Abstract 199P
Background
Locally advanced unresectable non-small cell lung cancer can be managed with chemoradiation therapy followed by consolidative PDL1 immunotherapy (I/O). In a real-world cohort, we sought to evaluate the toxicity profiles and responses of vs chemoradiation alone vs chemoradiation followed by consolidative immunotherapy vs concurrent I/O during chemoradiation + consolidative I/O.
Methods
We retrospectively reviewed an IRB approved institutional database of patients with locally advanced unresectable NSCLC. Charts were reviewed for cancer stage, histology, demographics, response, acute and subacute toxicities. Rates of toxicity were evaluated using CTCAE v5.0 grading.
Results
A total of 103 patients were included. Ages ranged from 43–85 years and 65% male. 93% of patients had ECOG PS 0–1; 7% ECOG PS of 2. Adenocarcinoma histology was present in 59%, squamous cell carcinoma 34%, non-small cell carcinoma NOS 7%. Stage III patients comprised 83% of patients, 11% Stage II, and 6% oligometastatic Stage IV. Median radiation dose was 60 Gy (range, 40–64 Gy) delivered with weekly carboplatin and paclitaxel in 93% of cases. Chemoradiation alone was given in 34 patients, 13 received concurrent + consolidation I/O, and 56 received consolidation I/O. Grade 2 pneumonitis occurred 18% in the chemoradiation alone group, 23% in the concurrent + consolidation I/O group, 16% in the consolidation I/O group. Grade 3 pneumonitis occurred in 4% of patients in the consolidation I/O group, but in no patients in the chemoradiation alone or concurrent + consolidation I/O groups. Grade 3 esophagitis occurred in 3% of patients among the entire cohort. 49% of patients had a partial response, 41% had stable disease, 2% had complete response, and 8% had disease progression, and no patients progressed in the concurrent I/O group.
Conclusions
Modern concurrent chemoradiation therapy with or without PD(L)1 immunotherapy is very well tolerated with primarily grade 2 toxicities of esophagitis and pneumonitis and overall excellent response rates. Chemoradiation remains an appropriate and effective standard of care therapy for patients with locally advanced and unresectable non-small cell lung cancer.

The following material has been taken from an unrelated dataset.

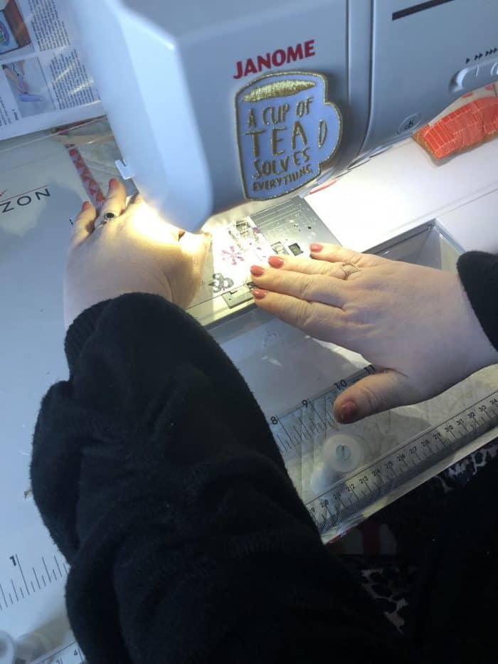 So, we used a small cup as a template for the circle and cut out what feels like a million circles out of the cotton fabric and an equal amount of circles out of the tea towel. To be fair, poor Jen got to do most of the cutting while I tried to master the sewing machine.
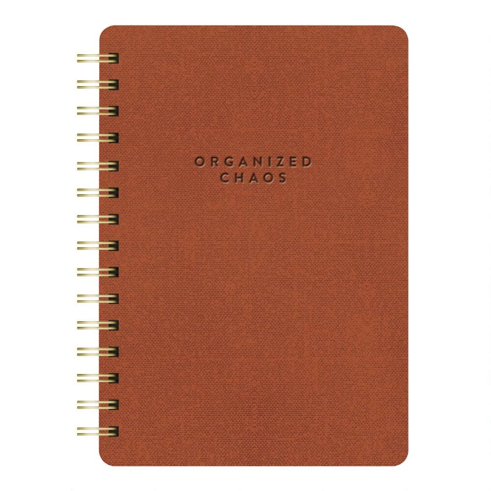 Contain your chaos in this spiral notebook from Studio Oh! featuring a sophisticated, minimalist faux-leather cover with debossed gold lettering. With an interior pocket for collecting loose notes, it has 208 lined pages for journaling, list-making and other everyday writing needs.

Legal entity responsible for the study
S. Jabbour.
Funding
Has not received any funding.
Disclosure
S. Jabbour: Financial Interests, Personal, Advisory Role: JNJ; Financial Interests, Personal and Institutional, Principal Investigator: Merck; Financial Interests, Institutional, Research Grant: BeiGene; Financial Interests, Personal, Expert Testimony: Deichert; Non-Financial Interests, Institutional, Research Grant: Guardant. All other authors have declared no conflicts of interest.